Initially we have a bunch of guests running on compute-2 (which is running
qemu-kvm-ev 2.3.0). We then started live-migrating them one at a time to
compute-0 (which is running qemu-kvm-ev 2.6.0). Three of them migrated
successfully. The fourth (which was essentially identical in configuration
to the first three) failed, as per the following logs in
/var/log/libvirt/qemu/instance-0000000e.log:
2017-03-29T06:38:37.886940Z qemu-kvm: VQ 2 size 0x80 < last_avail_idx 0x47b
- used_idx 0x47c
2017-03-29T06:38:37.886974Z qemu-kvm: error while loading state for instance
0x0 of device '0000:00:07.0/virtio-balloon'
2017-03-29T06:38:37.888684Z qemu-kvm: load of migration failed: Operation
not permitted
2017-03-29 06:38:37.896+0000: shutting down
Does anyone know of an existing bug report covering this issue? (I took a
look and didn't see anything obviously related.)

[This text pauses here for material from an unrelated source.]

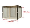 This universal netting set features:Vertical zipper on all four sides, allowing entry on all four sides. Elastic tie backs that allow you to gather the netting on each corner. Banded fabric/velcro tie backs that allow you to fasten each panel of the four sided netting set to the gazebo frame on each corner. Universal plastic "shower curtain" style rings to allow quick attachment of the netting to your existing gazebo frame. Available in Beige color only. Not available for 12' x 12' gazebos. Dimensions: 120"L x 76"H on each side of netting set.
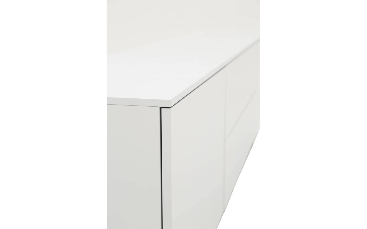 Dit witte dressoir brengt rust en helderheid in je ruimte. De strakke lijnen en greeploze deuren geven een moderne, minimalistische uitstraling. Door de verborgen stelpoten lijkt het meubel bijna te zweven - een echte eyecatcher die je interieur direct opwaardeert.

This is the virtio-balloon device. If you remove the device the live
migration should work reliably.
Alternatively, you can temporarily rmmod virtio_balloon inside the guest
for live migration. After migration you can modprobe virtio_balloon
again.
last_avail_idx 0x47b with used_idx 0x47c is an invalid device state.
I've diffed qemu-kvm-ev 2.6.0-27.1 hw/virtio/virtio-balloon.c against
qemu.git/master and do not see an obvious bug. I also compared
qemu-kvm-ev 2.3.0-31 with qemu-kvm-ev 2.6.0-27.1.